What about the iconic macho image he went on to be associated afterward with for a long time? “I never wanted to have a particular image. That was sort of created over the years I think because of some of the roles I played. But it did not mean that I wanted to be wielding guns and chase down criminals in the streets of San Francisco or what have you!” In 1968, he had founded his own production company Malpaso, “As a way to control my own destiny’. Very early on, he was determined to avoid being typecast. “I know that at one stage in my career, people did want me to stay in the genre I was popular in. But I went off and did other things and offbeat films. The Outlaw Josey Wales, Honky Tonk Man, Bronco Billy, The Gauntlet, Tightrope. Trying each time a different take on my performances. Sometimes successfully and sometimes not. But you have to try. It is healthy to stretch. If you don’t get up and swing the ball, you’ll never going to hit it, you know. You have to swing it a few times. And sometimes you hit the ball and sometimes you don’t.” When reminded that Richard Jewell, released in December 2019, was his 38th film as director/producer, his reaction was facetiously amused. “When I’ll get to forty, I’ll do a little dance.”
Speaking of rhythm, there’s his longtime fascination with jazz. “When I was a kid music was a constant,” he explained, while discussing his 2003 documentary Piano Blues. “After Fats Waller died, my mother brought home a whole collection of his records. I learned to play the piano by listening to them. He would go on to create many of his own compositions for his films.
hfpa archives
When he directs, he is known for never wasting time, coming under budget and under schedule. Actors marvels that he does only a few takes, never says the sacramental action, and how intimate and relaxed the ambiance on his sets is. He has worked with and directed some of the very best. Bradley Cooper, Kevin Costner, Gene Hackman, Matt Damon, Hilary Swank, Angelina Jolie, Meryl Streep, Morgan Freeman, Burt Reynolds, Jeff Bridges, Tom Hanks, Leonardo DiCaprio, Kathy Bates, William Holden.
So what has kept him going for so long? “When you think you know everything, you realize that sometimes you know nothing. The longer you live, the more jobs you have done, you really still got a lot to learn. And I still work at this stage in my life because I still learn something all the time.
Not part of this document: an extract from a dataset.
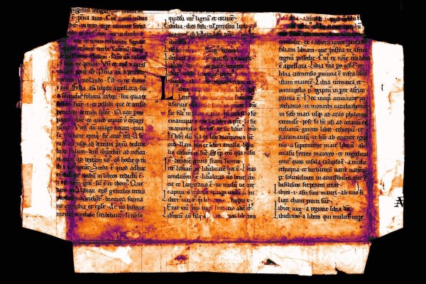 When I compared the text of MS 9/2:16 with Isidore’s Etymologiae, I noticed that the fragment did not follow the order of books and chapters of the work, although individual passages certainly were directly taken from the Etymologiae. For example, on the recto side of the fragment, the text moves from the fourteenth chapter to the twelfth chapter of the sixth book of the Etymologiae in the first column with no apparent break and then on to the fifth chapter of the ninth book in the second column before going to the fifth chapter of the fourteenth book in the third.

I think as long as I do that, I will be happy. If I stop learning, I would shut myself off then obviously I wouldn’t last very long.”
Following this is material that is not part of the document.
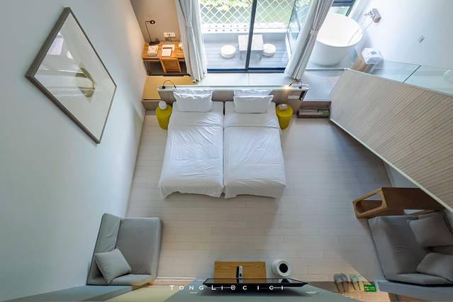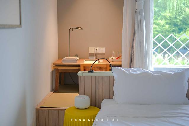 酒店的客房位于古风园内, 从客房名字“碧玉雅居”、”豆蔻雅居"和"花漾雅居",以及对应的色彩与材质元素就能看出酒店在讲述一个女子成长的旅程。客房以阳光灿烂的黄,学院的蓝,情窦初开的玫紫,纯真少女的米白色软布衬托,搭配淡色藤木缠绕编织出“丽则女孩”特有的雅居。典雅细腻的设计营造出无忧欢笑的轻松氛围,彷若当年青春年少的梦想空间。

It has been a long journey that still seems to surprise him as he reflects on it. “I can’t explain why that is,” he admitted. “I just hung out a long time and just when you think, well, maybe we should just get rid of him, something pops up and works. So you never know. I thought about it a few times: what gives you a certain longevity, about what I am still doing here, how long do I want to stay. I go back to the adage that it is not an intellectual debate but an emotional one. I’m sure I’ll know someday when I shouldn’t be doing this anymore, or that I am tired, and I’ll figure whatever… But I have never seen that day and never come to that kind of conclusion.”